No. 102 WILLIAM COBBETT AND ALRESFORD.

by Kenneth S Masters.

"I saw great Cobbett riding,
The horseman of the shires;
And his face was red with judgement
And a light of Luddite fires,"

G.K. Chesterton

William Cobbett, the son of a farmer, was born at Farnham in Surrey on 9th March 1763. He was educated by his father and his first known contact with Hampshire was in 1782 when he visited Portsmouth and saw the Channel fleet at anchor in Spithead. As a result of this experience he tried unsuccessfully to become a sailor In 1783 he commenced work as a clerk in Grays Inn, but left the next year to join the 54th Regiment of Foot.

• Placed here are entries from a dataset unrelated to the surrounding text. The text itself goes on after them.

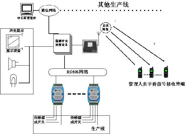 6、 系統(tǒng)和管理人員的通信方式,采用無線方式,管理人員可在廠區(qū)里任意活動,都能接收到信號,及時了解到當(dāng)前生產(chǎn)線的工作狀態(tài)。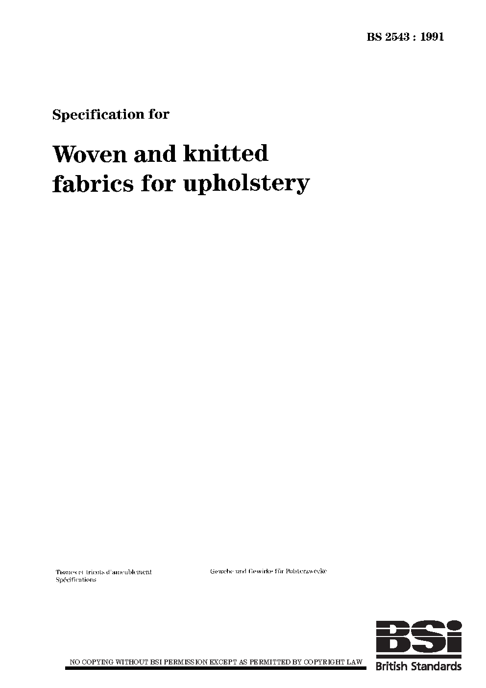Upholstery fabrics for end use applications. Classification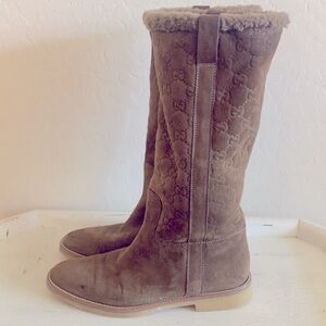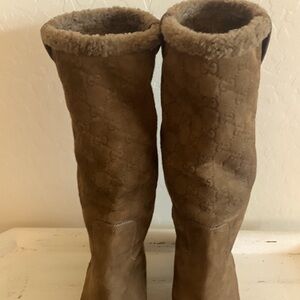 Gucci brown monogram soft wool lining boots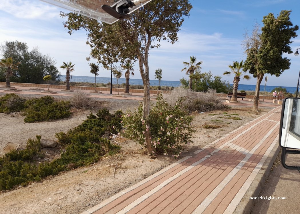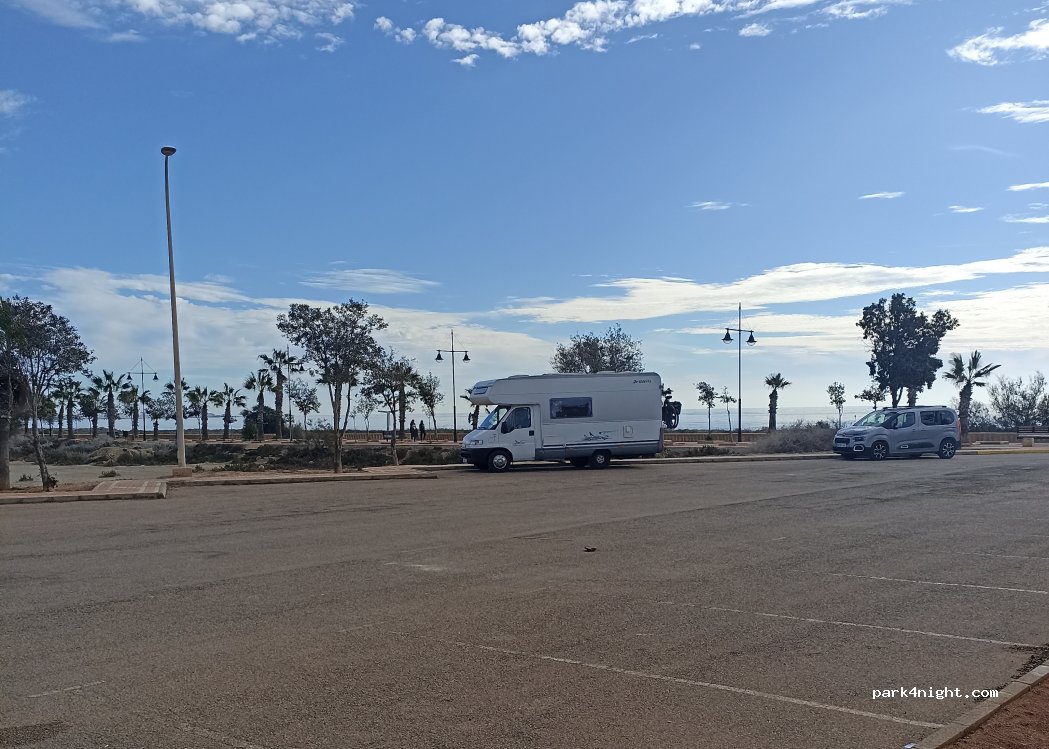 Buen sitio, llano, asfaltado, junto a paseo maritimo, parte final del mismo Suficientemente alejado del centro para estar más tranquilo, No sacar nada fuera del vehículo, para pasar desapercibido, pasa la policía de vez en cuando, pasan ojean y se marchan.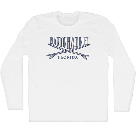 Product Story: Boynton Beach Inlet Surf Break Crossed Surf Board Surfing Destination Adult Cotton Long Sleeve T-ShirtProduct Description: Boynton Beach Inlet Surf Break Crossed Surf Board Surfing Destination Adult Cotton Long Sleeve T-Shirt Cotton Buttery Smooth Soft Material Medium Weight Tee Soft Hand Print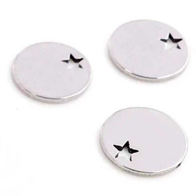サージカルステンレス316L製の丸いドッグタグに星をくり抜いたチャームにできるDIY用のステンレス部品。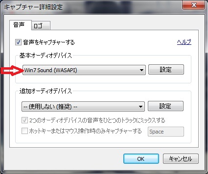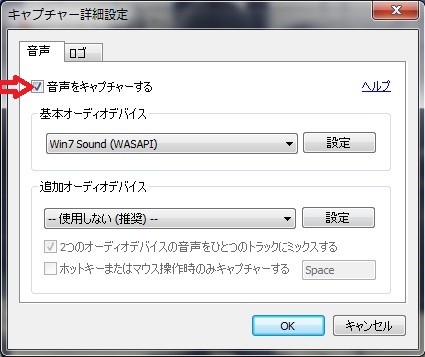 ここで音声も一緒にキャプチャーするかどうかを決めます。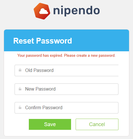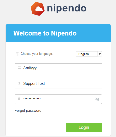 Click on the blue "Login in order to set your new password" button from the password reset email to open the Nipendo login screen.

After thirteen months at Chatham the Regiment sailed to Nova Scotia and then on to New Brunswick where Cobbett was to stay until 1791. During this time he rose from the rank of Corporal to that of Sergeant Major to which he was promoted over the heads of thirty Sergeants. His Commanding Officer later thought sufficiently highly of him to recommend him for a commission. Cobbett was by this time engaged in collecting evidence to expose the Quartermaster or the regiment who had been keeping back provisions due to the men. On his return to England he refused a commission, resigned from the army and informed the Secretary of War about the case. A Court Martial was arranged but in the interim Cobbett married, in 1792, Ann Reid, the daughter of a Sergeant of Artillery whom he had met in Canada.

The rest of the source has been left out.